Shortly after voting to acquit Trump on strictly procedural grounds, Senate Republican Leader Mitch McConnell of Kentucky gave a blistering speech in which he made clear both the gravity and the criminality of the January 6 attack on the US Capitol. McConnell said:
American citizens attacked their own government. They used terrorism to try to stop a specific piece of democratic business they did not like… They did this because they had been fed wild falsehoods by the most powerful man on Earth — because he was angry he’d lost an election.
Sen. McConnell also laid the blame squarely at Trump’s feet, saying:
There is no question that President Trump is practically and morally responsible for provoking the events of that day. The people who stormed this building believed they were acting on the wishes and instructions of their President. And their having that belief was a foreseeable consequence of the growing crescendo of false statements, conspiracy theories, and reckless hyperbole which the defeated President kept shouting into the largest megaphone on planet Earth.
The issue is not only the President’s intemperate language on January 6th. It is not just his endorsement of remarks in which an associate urged ‘trial by combat.’ It was also the entire manufactured atmosphere of looming catastrophe; the increasingly wild myths about a reverse landslide election that was being stolen in some secret coup by our now-President.
Before, during, and after the insurrection, we have seen consistent evidence of a coordinated and widespread campaign of menacing threats and coercive intimidation, by Trump himself and by his allies. Each act of attempted intimidation is, under law, a separate criminal act. Where misallocation of electoral or other funds is included, these acts do not stand in isolation, but become part of a potential racketeer-influenced or corrupt organizations (RICO) prosecution.

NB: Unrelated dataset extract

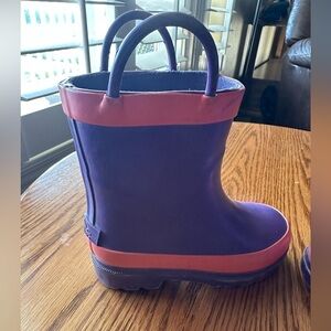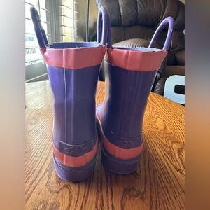 These stylish rain and snow boots feature a vibrant purple and pink color scheme, perfect for adding a pop of color to dreary weather. Crafted from durable waterproof material, they ensure your feet stay dry and comfortable. The classic silhouette with a rounded toe offers both practicality and flair for any rainy or snowy day. The boots have no tears or rips. They come from a pet and smoke free home. They have been well loved but still have lots of life left.

Hundreds of individuals are facing charges in association with the insurrection, and many of them are linked to armed paramilitary extremist groups that are reported to have plotted an attack on the seat of American government in a violent coup attempt. Federal criminal charging documents outline plots that appear to include an intention to continue working toward a terrorist insurrection.
Each action taken by any person to provide even marginal aid or comfort to these insurrectionist militia can be interpreted to constitute a violation of 18 USC § 2331 (terrorism), § 2383 (insurrection), and § 2384 (seditious conspiracy). Commission of a RICO predicate action can make the offender liable for all of the crimes of the criminal enterprise—including those of which they had no knowledge—dating back 10 years.
Any action by any person to speak or act in defense of Trump, to minimize, justify or condone the insurrection, or to provide any material or indirect support to any of the individuals or organizations connected to the insurrection or to ongoing plots, must be treated as a new criminal act.
Yesterday’s vote by a majority of the Senate should not be interpreted as a technical acquittal of Trump. It releases him from conviction in the Senate, but the trial has now provided new evidence and cause for deeper and further-reaching criminal investigation into every part of the criminal insurrectionist enterprise.